Exercise objective:
Each line of the records that follow must come back exactly, with pictures skipped.

Extracted data: Begin

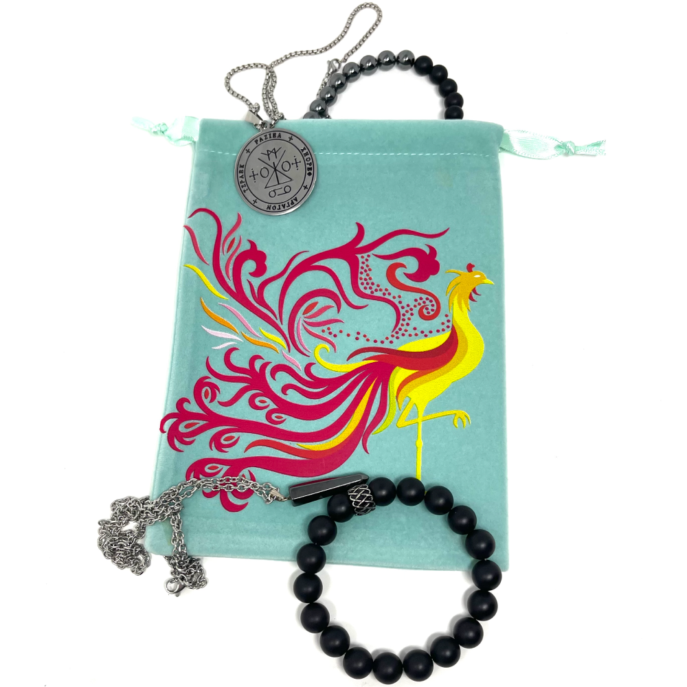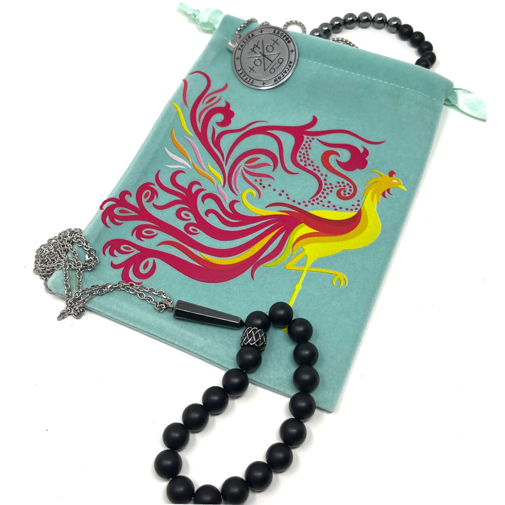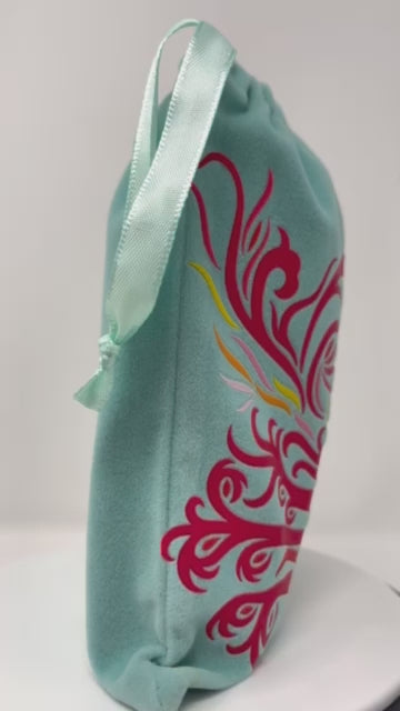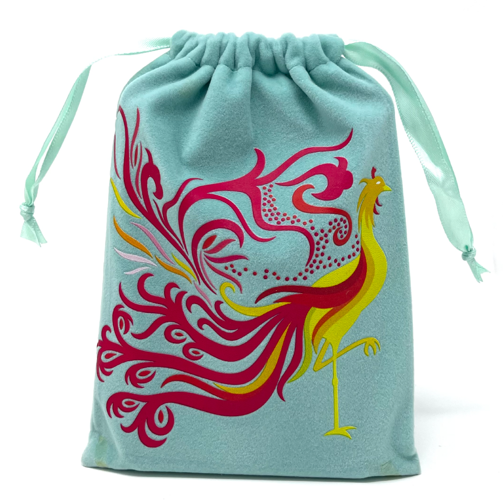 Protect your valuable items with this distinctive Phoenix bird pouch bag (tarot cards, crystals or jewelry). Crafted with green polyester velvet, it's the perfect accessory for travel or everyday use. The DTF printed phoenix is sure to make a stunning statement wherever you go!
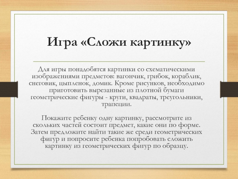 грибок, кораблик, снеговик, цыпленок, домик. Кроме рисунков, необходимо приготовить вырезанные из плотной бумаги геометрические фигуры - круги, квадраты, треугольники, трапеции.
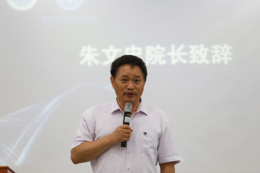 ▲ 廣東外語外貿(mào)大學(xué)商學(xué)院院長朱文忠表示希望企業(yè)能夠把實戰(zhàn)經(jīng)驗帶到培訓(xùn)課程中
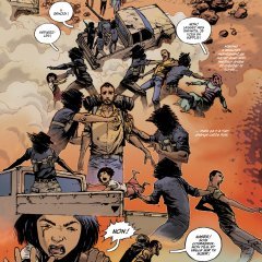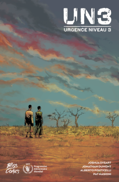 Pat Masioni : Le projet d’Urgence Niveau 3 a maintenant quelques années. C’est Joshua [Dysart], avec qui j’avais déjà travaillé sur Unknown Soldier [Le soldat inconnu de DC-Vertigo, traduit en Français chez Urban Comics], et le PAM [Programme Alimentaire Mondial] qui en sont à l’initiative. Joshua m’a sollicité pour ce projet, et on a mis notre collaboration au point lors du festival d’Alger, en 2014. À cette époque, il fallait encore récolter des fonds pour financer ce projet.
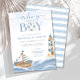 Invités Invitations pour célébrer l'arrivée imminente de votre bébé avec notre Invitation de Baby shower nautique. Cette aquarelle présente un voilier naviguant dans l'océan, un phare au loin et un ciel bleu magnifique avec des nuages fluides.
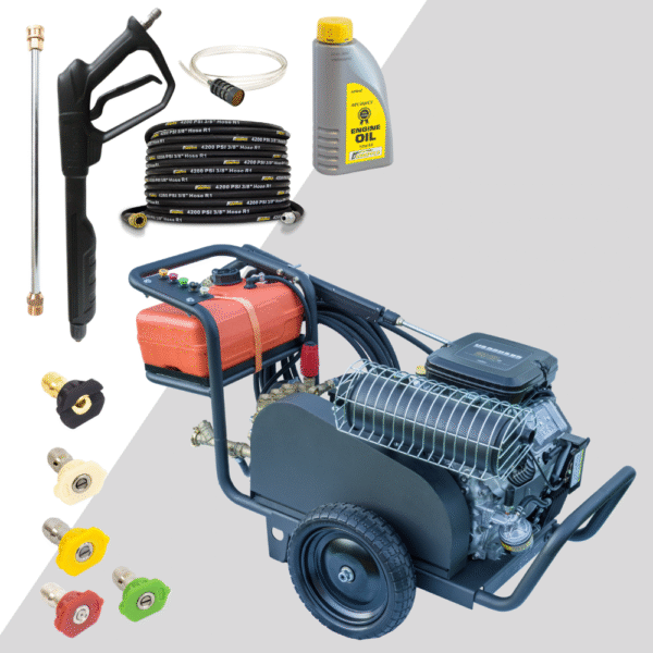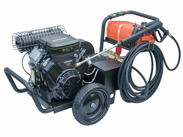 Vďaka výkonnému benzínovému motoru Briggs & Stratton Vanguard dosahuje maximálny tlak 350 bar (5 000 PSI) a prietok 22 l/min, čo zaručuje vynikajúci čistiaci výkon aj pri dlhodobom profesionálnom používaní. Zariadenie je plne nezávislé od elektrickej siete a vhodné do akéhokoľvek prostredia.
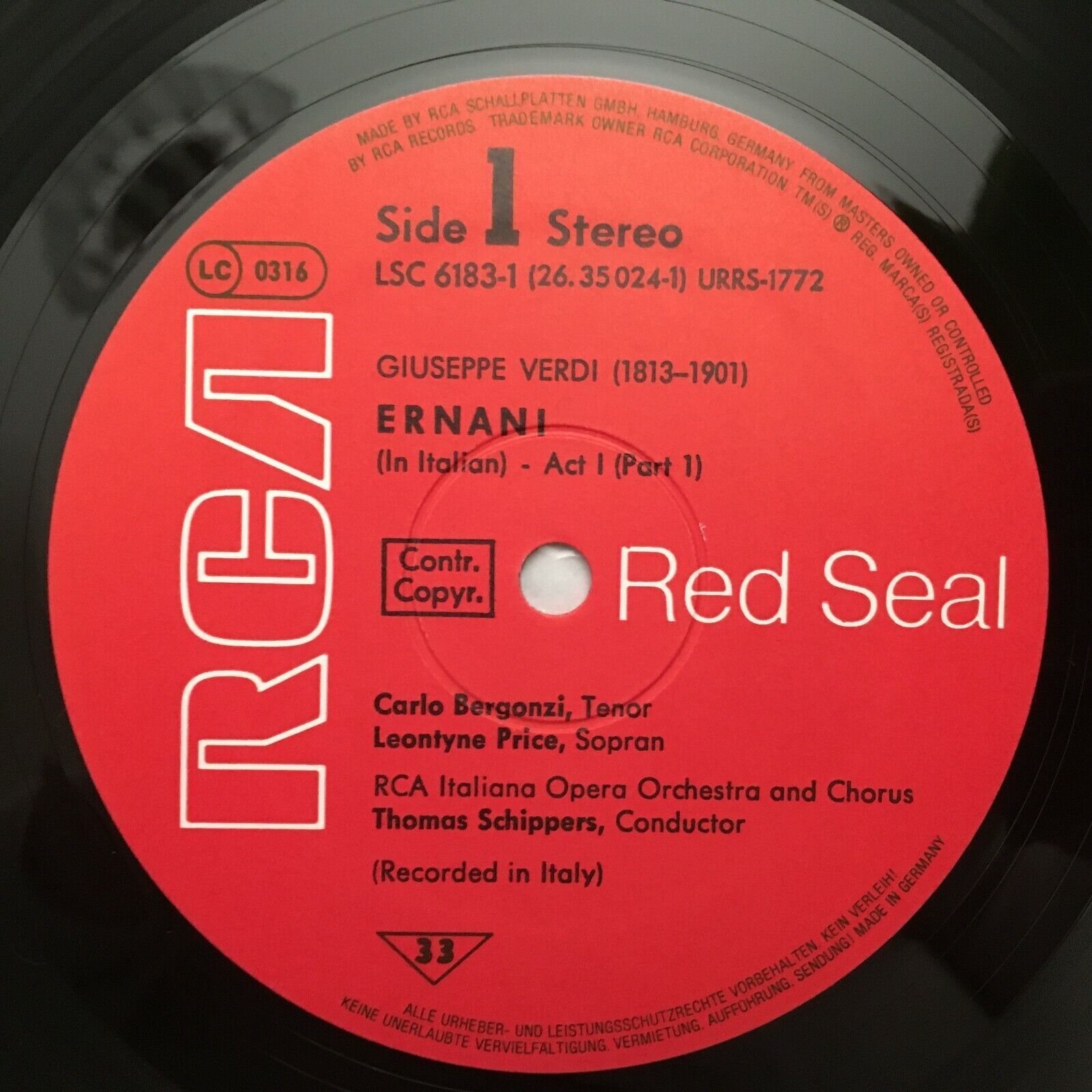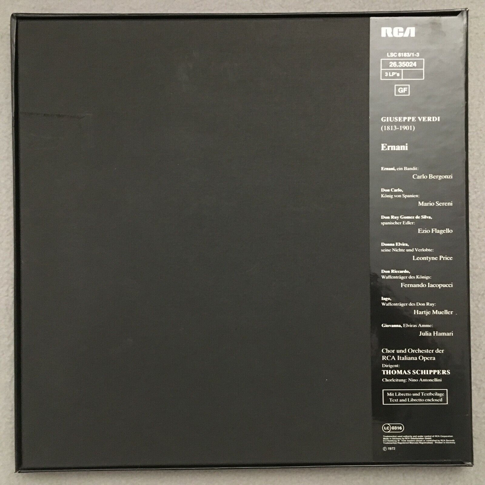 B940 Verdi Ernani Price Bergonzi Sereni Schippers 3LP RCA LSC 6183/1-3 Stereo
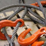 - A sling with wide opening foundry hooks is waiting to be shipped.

Extracted data: End

Your solution:
 Protect your valuable items with this distinctive Phoenix bird pouch bag (tarot cards, crystals or jewelry). Crafted with green polyester velvet, it's the perfect accessory for travel or everyday use. The DTF printed phoenix is sure to make a stunning statement wherever you go!
 грибок, кораблик, снеговик, цыпленок, домик. Кроме рисунков, необходимо приготовить вырезанные из плотной бумаги геометрические фигуры - круги, квадраты, треугольники, трапеции.
 ▲ 廣東外語外貿(mào)大學(xué)商學(xué)院院長朱文忠表示希望企業(yè)能夠把實戰(zhàn)經(jīng)驗帶到培訓(xùn)課程中
 Pat Masioni : Le projet d’Urgence Niveau 3 a maintenant quelques années. C’est Joshua [Dysart], avec qui j’avais déjà travaillé sur Unknown Soldier [Le soldat inconnu de DC-Vertigo, traduit en Français chez Urban Comics], et le PAM [Programme Alimentaire Mondial] qui en sont à l’initiative. Joshua m’a sollicité pour ce projet, et on a mis notre collaboration au point lors du festival d’Alger, en 2014. À cette époque, il fallait encore récolter des fonds pour financer ce projet.
 Invités Invitations pour célébrer l'arrivée imminente de votre bébé avec notre Invitation de Baby shower nautique. Cette aquarelle présente un voilier naviguant dans l'océan, un phare au loin et un ciel bleu magnifique avec des nuages fluides.
 Vďaka výkonnému benzínovému motoru Briggs & Stratton Vanguard dosahuje maximálny tlak 350 bar (5 000 PSI) a prietok 22 l/min, čo zaručuje vynikajúci čistiaci výkon aj pri dlhodobom profesionálnom používaní. Zariadenie je plne nezávislé od elektrickej siete a vhodné do akéhokoľvek prostredia.
 B940 Verdi Ernani Price Bergonzi Sereni Schippers 3LP RCA LSC 6183/1-3 Stereo
 - A sling with wide opening foundry hooks is waiting to be shipped.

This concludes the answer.